**EXERCISE DIRECTIONS**
Pictures excluded, return the lines below from the first through the line holding "MKF Women Red Printed Cotton Nighty - L".

**AVAILABLE DATA**
◇ ◇ ◇
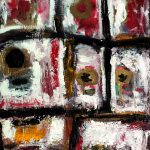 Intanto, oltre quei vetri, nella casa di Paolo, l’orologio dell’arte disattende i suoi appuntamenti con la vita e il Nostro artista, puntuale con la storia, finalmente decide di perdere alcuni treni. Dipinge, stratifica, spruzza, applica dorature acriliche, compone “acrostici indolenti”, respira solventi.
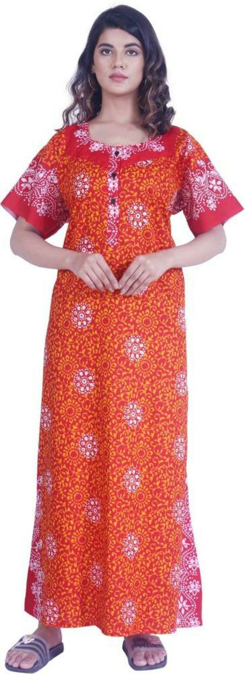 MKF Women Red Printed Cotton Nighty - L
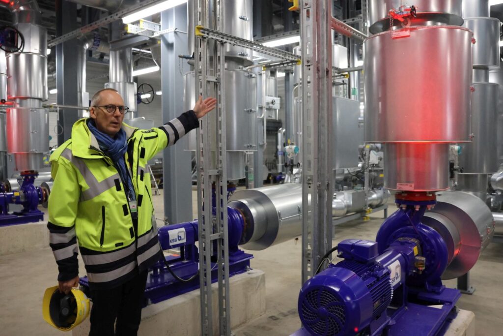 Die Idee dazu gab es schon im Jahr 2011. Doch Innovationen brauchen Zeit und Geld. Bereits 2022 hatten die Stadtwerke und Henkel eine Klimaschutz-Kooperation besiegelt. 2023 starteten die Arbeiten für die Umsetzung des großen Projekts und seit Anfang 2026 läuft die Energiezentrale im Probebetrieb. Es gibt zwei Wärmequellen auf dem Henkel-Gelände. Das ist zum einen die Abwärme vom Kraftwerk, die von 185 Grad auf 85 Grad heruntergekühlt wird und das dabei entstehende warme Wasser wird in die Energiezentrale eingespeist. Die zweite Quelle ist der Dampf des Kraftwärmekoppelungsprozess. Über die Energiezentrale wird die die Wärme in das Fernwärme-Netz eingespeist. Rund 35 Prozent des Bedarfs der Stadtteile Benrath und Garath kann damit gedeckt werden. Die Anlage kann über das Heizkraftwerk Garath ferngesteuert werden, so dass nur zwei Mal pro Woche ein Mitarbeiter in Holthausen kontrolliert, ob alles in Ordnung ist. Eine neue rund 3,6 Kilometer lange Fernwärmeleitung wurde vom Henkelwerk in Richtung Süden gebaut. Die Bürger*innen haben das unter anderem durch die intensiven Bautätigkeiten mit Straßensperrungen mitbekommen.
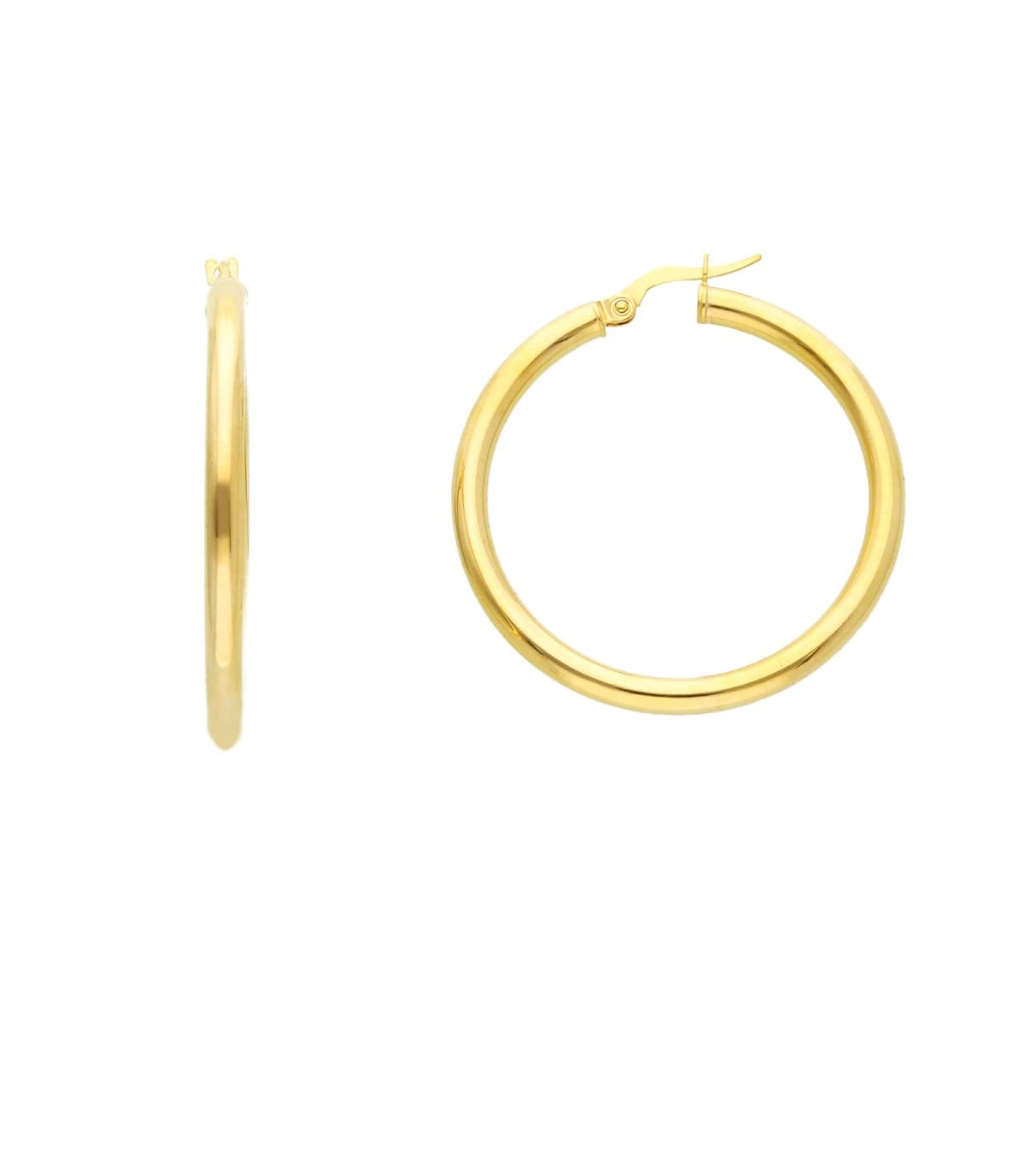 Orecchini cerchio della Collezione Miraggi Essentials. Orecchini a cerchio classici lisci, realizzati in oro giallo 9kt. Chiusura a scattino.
◇ ◇ ◇
**OUTPUT OF THE EXERCISE**
 Intanto, oltre quei vetri, nella casa di Paolo, l’orologio dell’arte disattende i suoi appuntamenti con la vita e il Nostro artista, puntuale con la storia, finalmente decide di perdere alcuni treni. Dipinge, stratifica, spruzza, applica dorature acriliche, compone “acrostici indolenti”, respira solventi.
 MKF Women Red Printed Cotton Nighty - L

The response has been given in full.